Segment Start: Given information
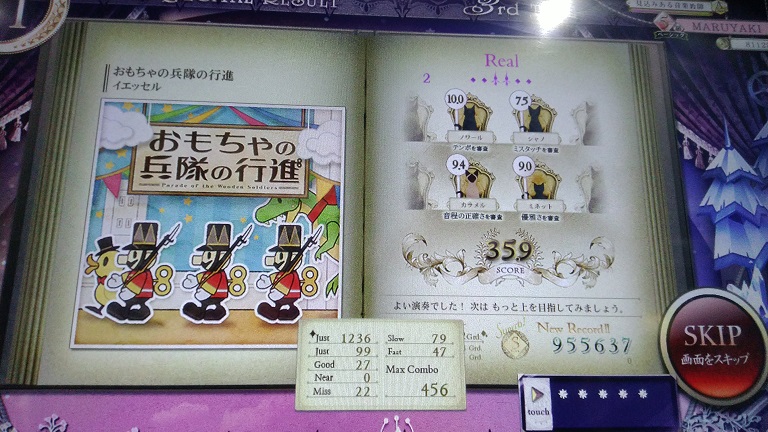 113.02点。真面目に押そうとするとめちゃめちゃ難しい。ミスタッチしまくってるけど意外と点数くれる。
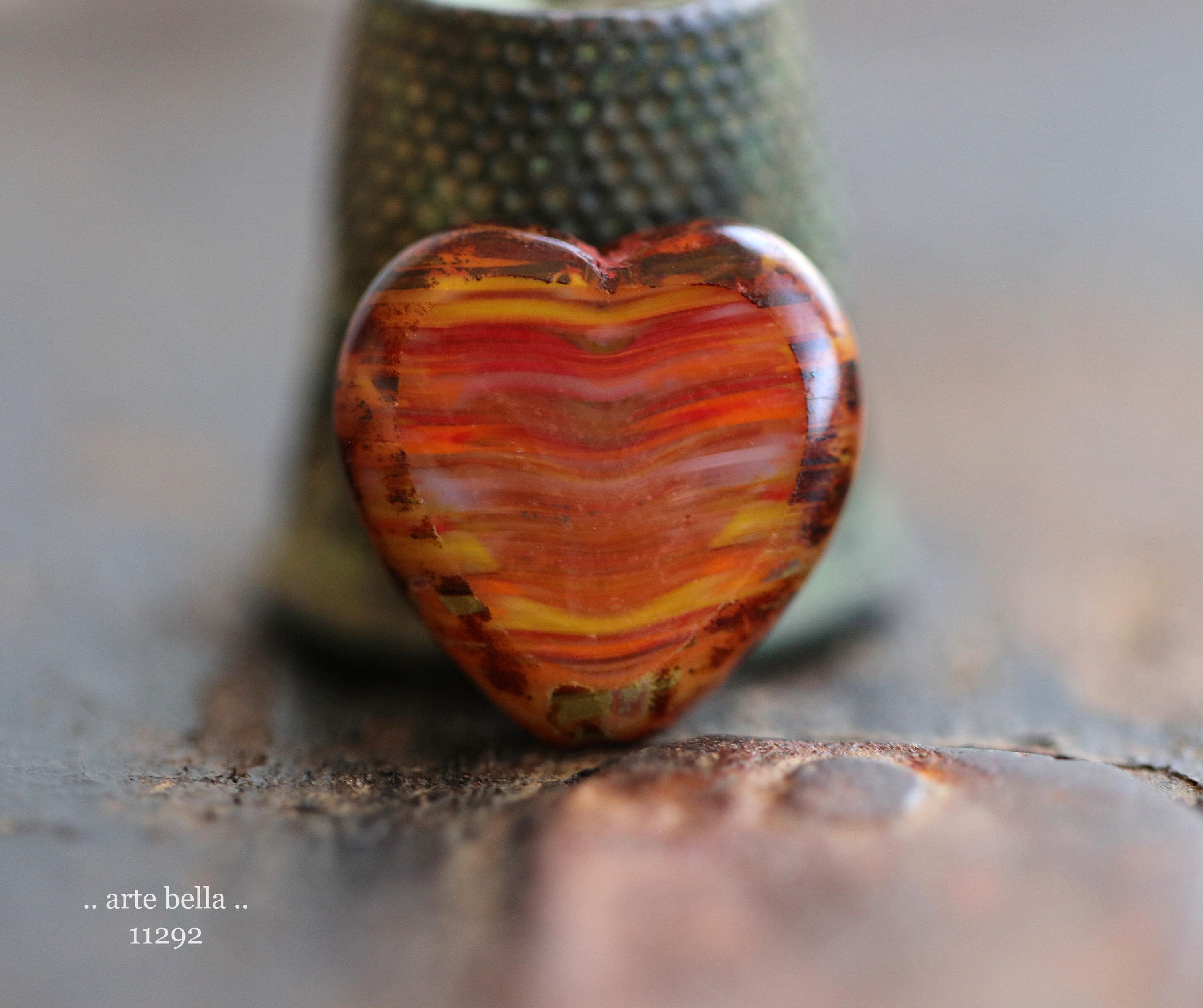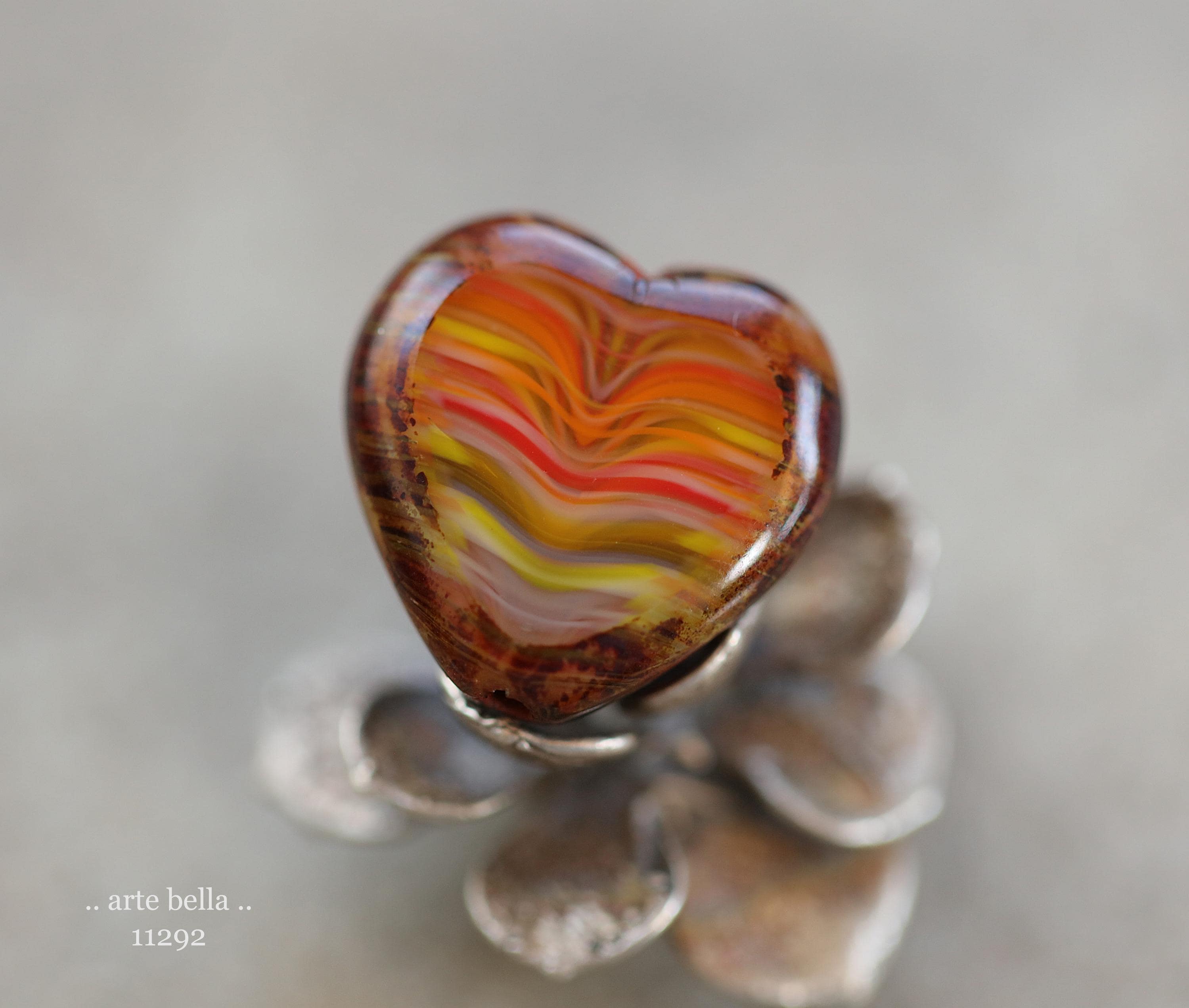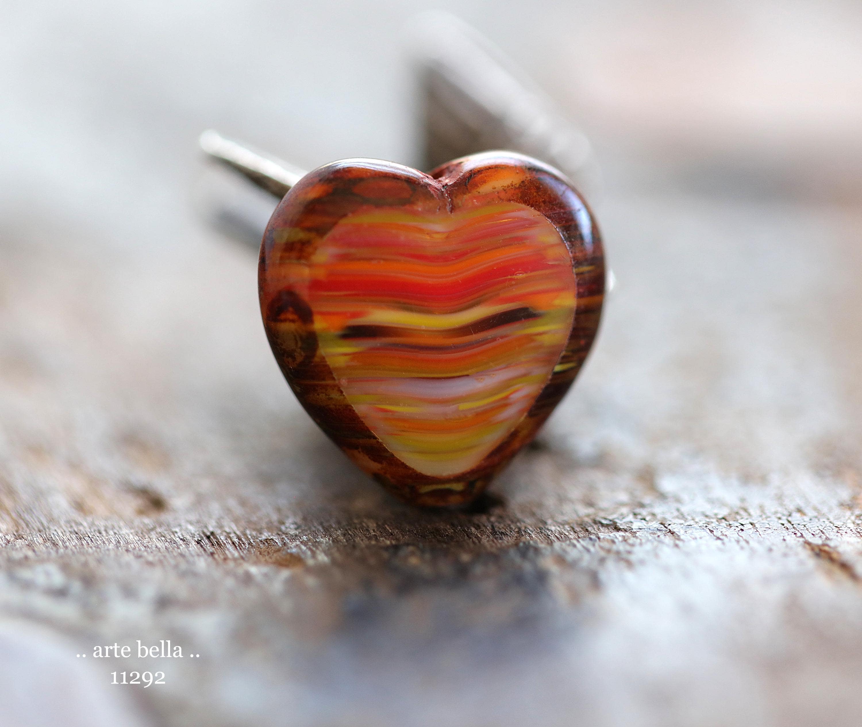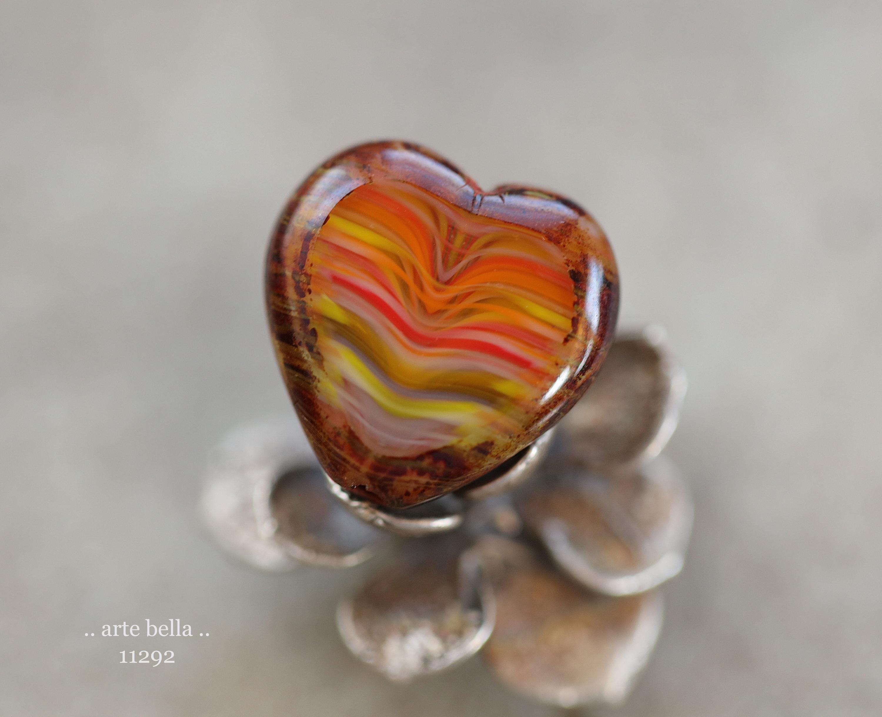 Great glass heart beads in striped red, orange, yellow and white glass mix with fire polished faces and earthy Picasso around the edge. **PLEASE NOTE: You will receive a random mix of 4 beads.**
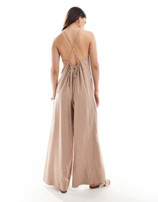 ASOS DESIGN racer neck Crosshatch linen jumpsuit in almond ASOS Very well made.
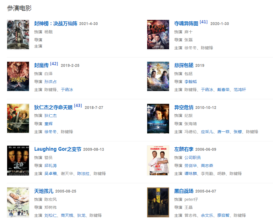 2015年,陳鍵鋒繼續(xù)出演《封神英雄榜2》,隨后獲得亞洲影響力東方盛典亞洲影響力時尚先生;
Segment End: Given information
Exercise details >> Starting at the line that contains "Great glass heart", retype each line through the final one in the listing, with both ends kept and the pictures omitted.

Written response >>
 Great glass heart beads in striped red, orange, yellow and white glass mix with fire polished faces and earthy Picasso around the edge. **PLEASE NOTE: You will receive a random mix of 4 beads.**
 ASOS DESIGN racer neck Crosshatch linen jumpsuit in almond ASOS Very well made.
 2015年,陳鍵鋒繼續(xù)出演《封神英雄榜2》,隨后獲得亞洲影響力東方盛典亞洲影響力時尚先生;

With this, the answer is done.